== What to work on ==
Please copy the lines below, exactly as they are, from the one with "A nagy zseléstoll-készlet" through the one with "子どもたちが自分で考えた想像の世界を画用紙いっぱいに描いていました。", and leave out the pictures.

--- Material for this exercise Enclosed Below ---

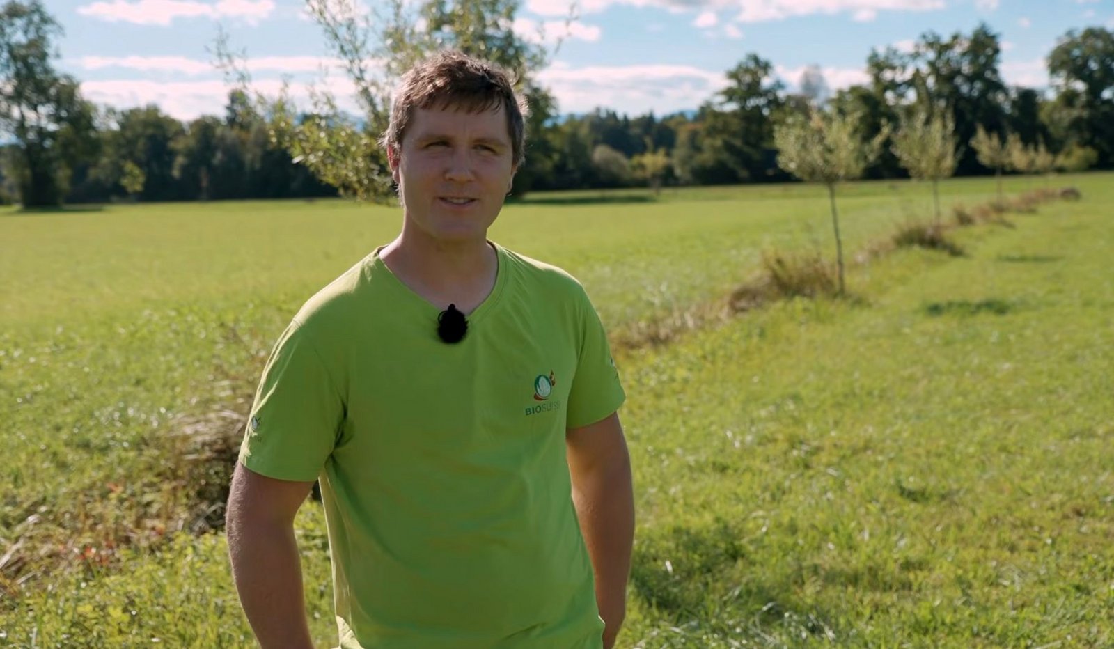 «Wichtig ist, dass man sicher einmal offen ist und zuhört», findet Marco Imfeld. Der Biobauer aus Sursee LU hält Milchkühe und betreibt einen Selbsterntegarten mit Abosystem. Auf seinem Land hat Imfeld schon seit Längerem einen Graben, um Wasser rasch von feuchten Flächen abführen zu können. Der Wassergraben sei aber verlandet, erklärt der Luzerner im Video. Die Instandsetzung nutze er, um den Gewässerraum aufzuwerten. So verläuft der Wassergraben nun statt durch offenes Wiesland entlang von Kopfweiden und Kleinstrukturen wie Steinhaufen. Anstelle einer Dauerwiese hat Marco Imfeld einen vier Meter breiten Streifen extensive Weide angemeldet.
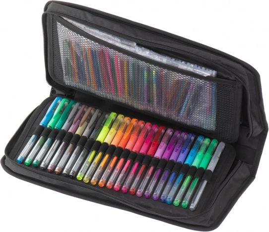 A nagy zseléstoll-készlet végtelen alkotási lehetőségeket kínál. A élénk, tartós színeknek köszönhetően jegyzetei és illusztrációi mindig látványosak és tiszták lesznek. A jól rendszerezett textil cipzáras tok mindent átláthatóan tart otthon, az iskolában és utazáskor is.
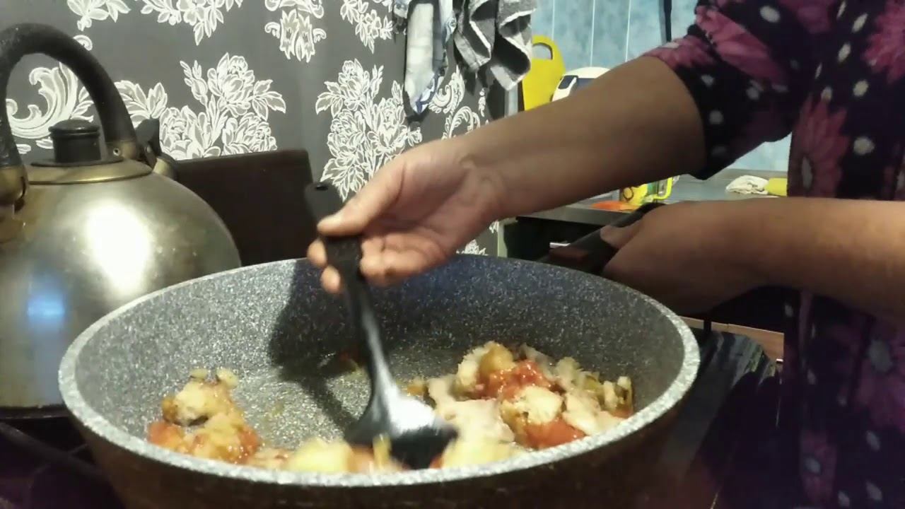 Жарю бекон с луком,томаты свежие,кусочки хлеба,соль, перец и все заливаю яйцом.
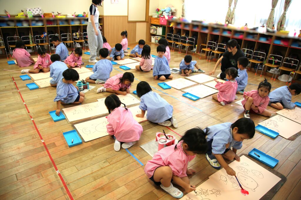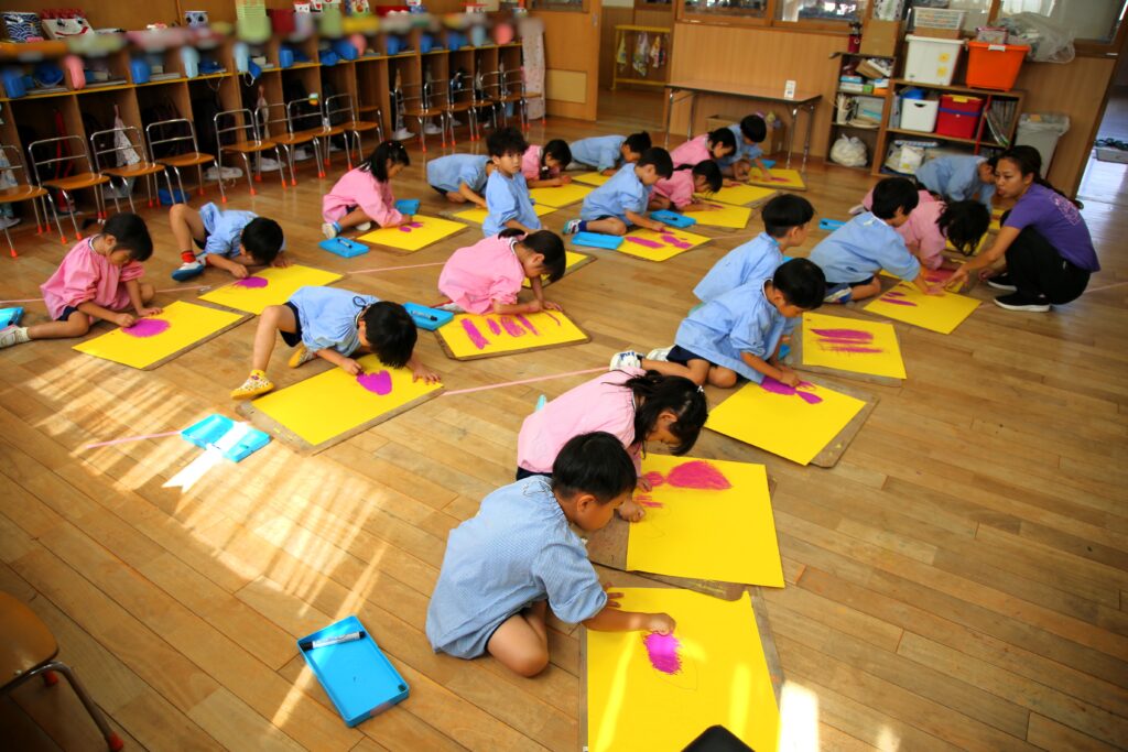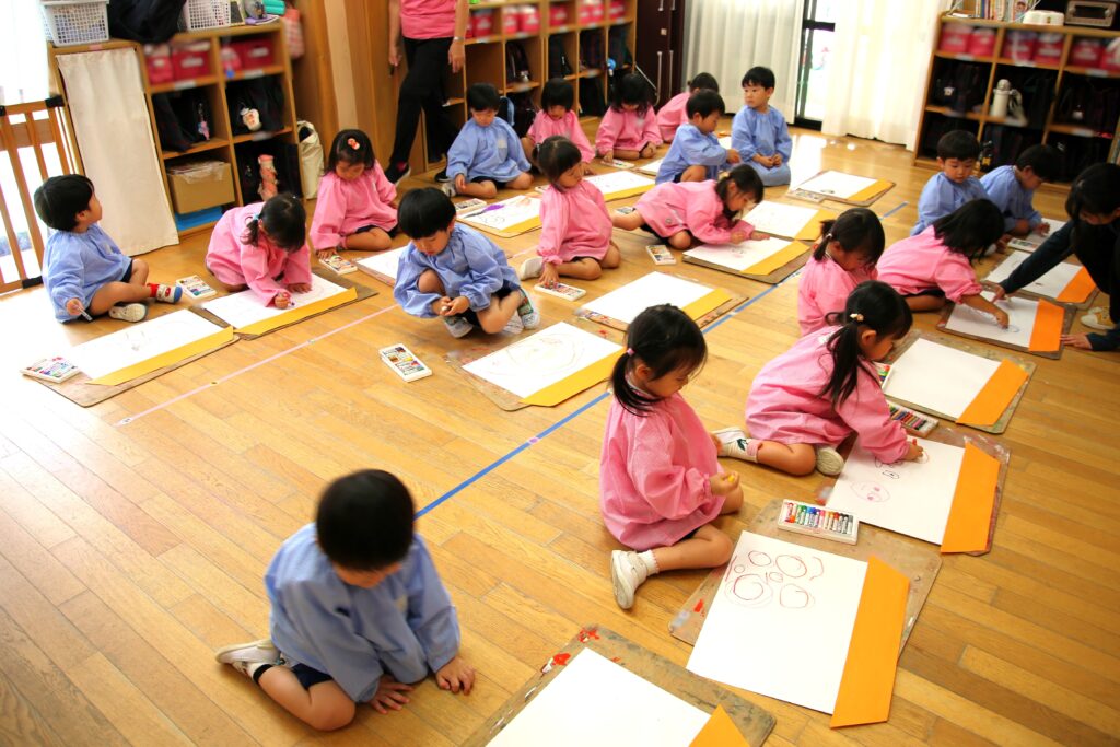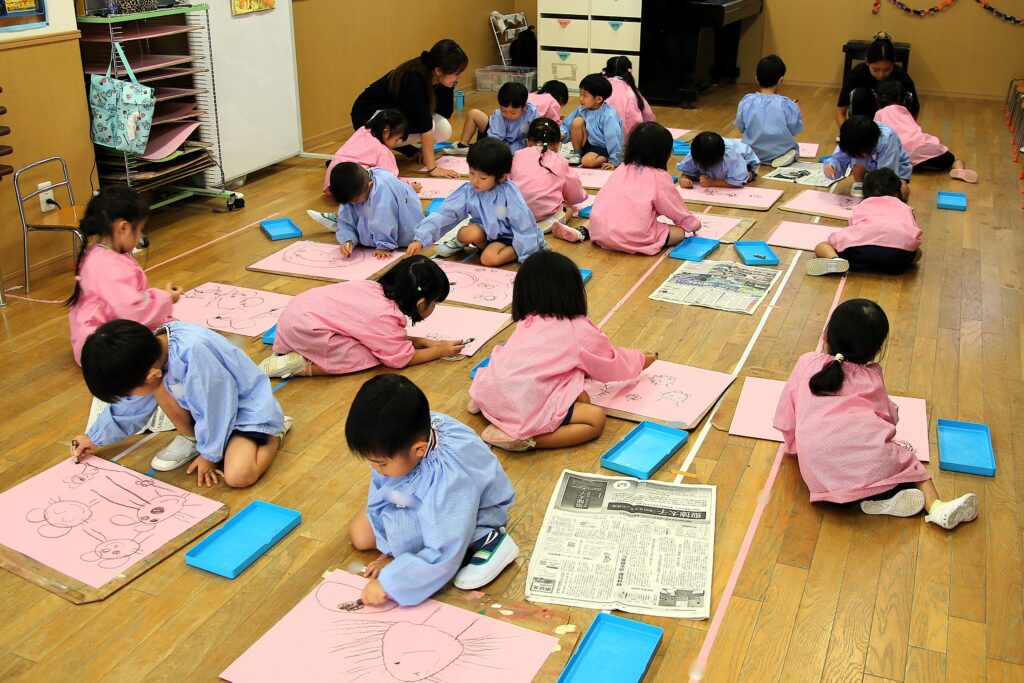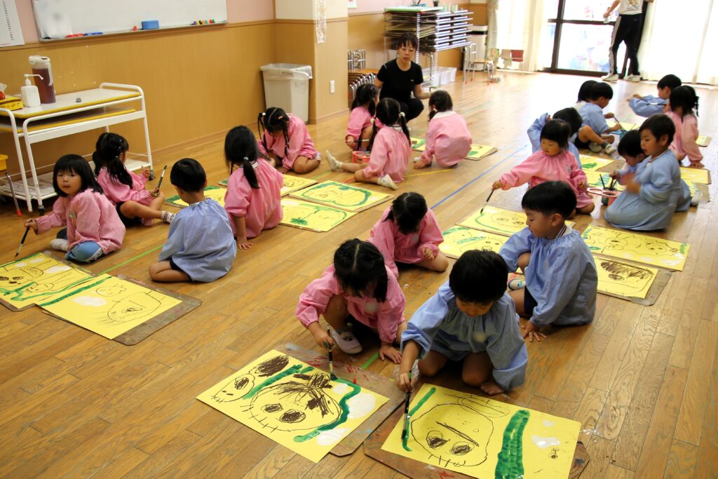 子どもたちが自分で考えた想像の世界を画用紙いっぱいに描いていました。
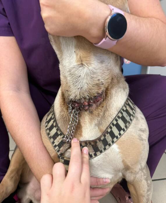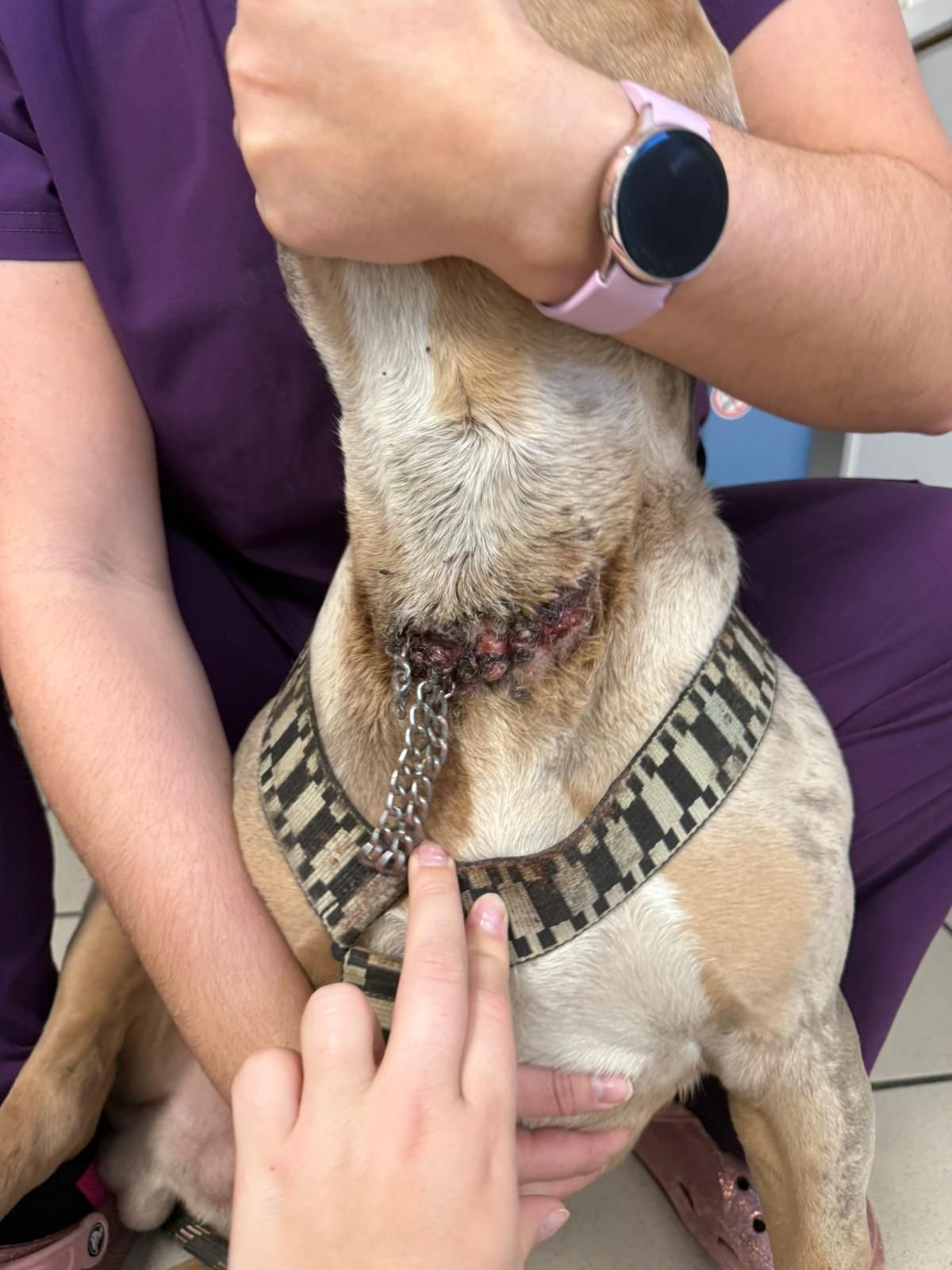 Soit il était détenu de façon prolongée à l’attache et il a réussi à casser sa chaîne, s’entaillant sévèrement le cou avant d’être laissé sans aucun soin ; soit il a été contraint de porter un collier étrangleur trop serré qui a fini par l’étrangler en grandissant, puis lui a entaillé les chairs.

--- End of Enclosed Material for this exercise ---

== Response to the exercise ==
 A nagy zseléstoll-készlet végtelen alkotási lehetőségeket kínál. A élénk, tartós színeknek köszönhetően jegyzetei és illusztrációi mindig látványosak és tiszták lesznek. A jól rendszerezett textil cipzáras tok mindent átláthatóan tart otthon, az iskolában és utazáskor is.
 Жарю бекон с луком,томаты свежие,кусочки хлеба,соль, перец и все заливаю яйцом.
 子どもたちが自分で考えた想像の世界を画用紙いっぱいに描いていました。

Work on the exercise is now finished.